Daniel Manning Pope (born March 19, 1963) is an American businessman and politician. He served as the 35th Mayor of Lubbock, Texas, and has completed his third term as Mayor.

== Early life ==
Pope was born in Temple, Texas to Bert and Marcia Pope and graduated from Temple High School. He is an Eagle Scout in the Boy Scouts of America. Pope attended Texas Tech University where he was a member of Phi Delta Theta fraternity. He graduated with a Bachelor of Business Administration degree in Finance from the Rawls College of Business in 1985.

== Political career ==
On November 12, 2015, Pope announced his candidacy for the 2016 City of Lubbock mayoral election. On May 7, 2016, Pope won the general election to replace outgoing mayor Glen Robertson, a current Republican candidate for Texas's 19th congressional district seat. Pope won 53 percent of the vote in the four-person non-partisan race.

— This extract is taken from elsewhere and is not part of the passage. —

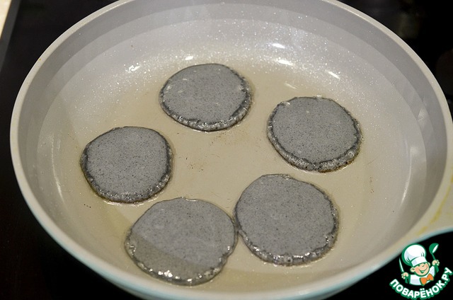 Раскрошите таблетки угля и растворите их в кефире. Для того, чтобы блины были черными, а не серыми, нужно растворить таблетки именно в жидкости. Если вы добавите их например в муку при замешивании теста, то блинчики будут серыми.

He avoided a runoff election with the second-place candidate, who finished with 32 percent of the ballots cast.

On May 5, 2018, Pope won a second two-year term as mayor with 78 percent of the vote over two little-known challengers. In the campaign, Pope stressed public safety, including a new police facility, and planning for Lubbock's future growth. The 2020 Mayoral election, in which Pope is standing, was scheduled to take place on May 2, however was postponed to November 3 after a proclamation from Texas Governor Greg Abbott to allow political subdivisions to delay voting. Lubbock native Stephen Sanders is challenging Pope. Sanders had run against Pope before as a write in candidate during the 2018 mayoral election.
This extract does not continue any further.